If you have questions about intellectual property rights related to web archiving not covered here, please contact any of the members of the Web Archiving Working Group (see membership list).

Web Archiving Consent Approaches

Welcome! This guide contains information regarding intellectual property rights related to web archiving. The resources on this page present formal policy statements and general guidelines offered by a range of institutions.

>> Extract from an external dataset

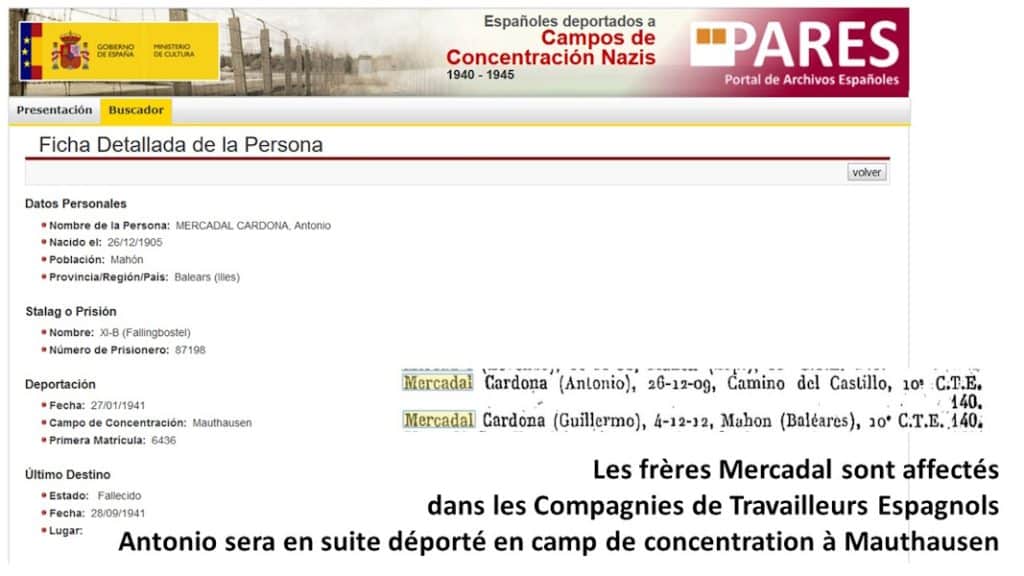 Après la défaite, la Wermacht et les Einsatzkommandos vont faire prisonniers plusieurs milliers de ces prestataires étrangers en zone occupée. Sur ordre d’Hitler, ceux-ci sont, à partir du mois de septembre 1940, dépossédés du statut de prisonniers de guerre, remis à la police secrète d’État et conduits dans des camps de concentration en Allemagne. C’est le cas d’Antonio Mercadal (surnommé Xuqui), l’aîné de la famille.

In general, consensus seems to be forming around the following resources and principles:

  • collecting institutions provide explicit acknowledgement that the copyright of the content owners stays with the creators
  • opt-out instructions are provided
  • robots.txt may be ignored, with prior notice (attempts to notify) to content owners

The following institutions have adopted a policy of notifying content owners and providing opt-out instructions:

  • Stanford University Web Archiving Policy
    • As of June 2019, Stanford’s policy is to notify content owners of the intent to archive and make accessible web content, with a 6-month embargo period following notification. The policy page provides a link for opting out. The policy also covers FERPA procedures regarding archiving of student course work.
    • Stanford’s policy includes links to the following resources as guidelines for the creation of the Stanford policy: NDSA WA Survey Reports from 2011-12 and 2013-14, ARL Code of Best Practices for Fair Use, section 108 study group report
  • Columbia University Libraries Web Resources Collection Program Policies
    • Columbia provides several helpful resources for those conducting web archiving activities, as well as for content owners who may have questions about the process. The program's policies define the process for selection and harvesting and the guidelines for permissions and access. The institution attempts to notify all organizations and/or individuals whose websites are selected for archiving and includes contact information for take-down requests in its FAQs page. Columbia also provides an information page for how website owners can optimize their sites for preservation.
  • Library of Congress Web Archiving Program FAQs
    • This site provides detailed information for website owners regarding crawlers settings, notification, and access by researchers to crawled sites, as well as opt-out instructions for content owners. The FAQs also point to the Rights and Access statements provided for each collection page and item record. To collect as much data as possible from websites, the Library's policy is to notify site owners before crawling and to ignore robots.txt exclusions.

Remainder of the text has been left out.